INPUT DATA:

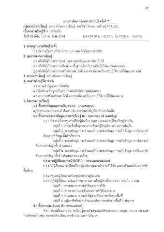 แผนการจัดกระบวนการเรียนรู้ ครั้งที่ 7
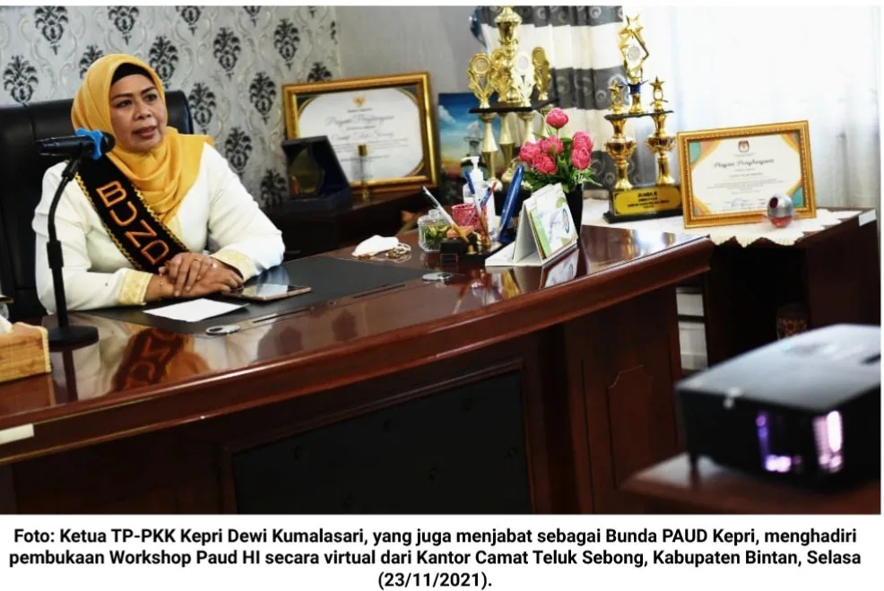 cMczone.com – Ketua TP-PKK Kepulauan Riau (Kepri) Dewi Kumalasari, yang juga menjabat sebagai Bunda PAUD Kepri, menghadiri pembukaan Workshop Paud HI secara virtual dari Kantor Camat Teluk Sebong, Kabupaten Bintan, Selasa (23/11/2021).
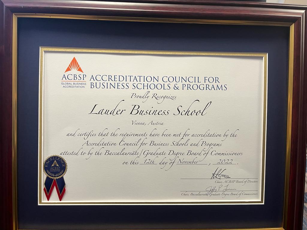 Ms. Birgit Wakonig, BSc, MSc, Quality Manager at LBS, the driving force in the accreditation process, expressed her gratitude stating, “Receiving the official Certificate of Accreditation from ACBSP is a significant milestone for Lauder Business School. It is a recognition of the hard work and commitment of our faculty, staff, and students in upholding the highest standards. This recognition reinforces our position as a leading institution in equipping students for successful careers in the competitive global business landscape.”

WORK INSTRUCTION: Beginning with the line containing "cMczone.com – Ketua" and ending with the last line of the material, output each line exactly; do not include pictures.

SOLVED PROBLEM:
 cMczone.com – Ketua TP-PKK Kepulauan Riau (Kepri) Dewi Kumalasari, yang juga menjabat sebagai Bunda PAUD Kepri, menghadiri pembukaan Workshop Paud HI secara virtual dari Kantor Camat Teluk Sebong, Kabupaten Bintan, Selasa (23/11/2021).
 Ms. Birgit Wakonig, BSc, MSc, Quality Manager at LBS, the driving force in the accreditation process, expressed her gratitude stating, “Receiving the official Certificate of Accreditation from ACBSP is a significant milestone for Lauder Business School. It is a recognition of the hard work and commitment of our faculty, staff, and students in upholding the highest standards. This recognition reinforces our position as a leading institution in equipping students for successful careers in the competitive global business landscape.”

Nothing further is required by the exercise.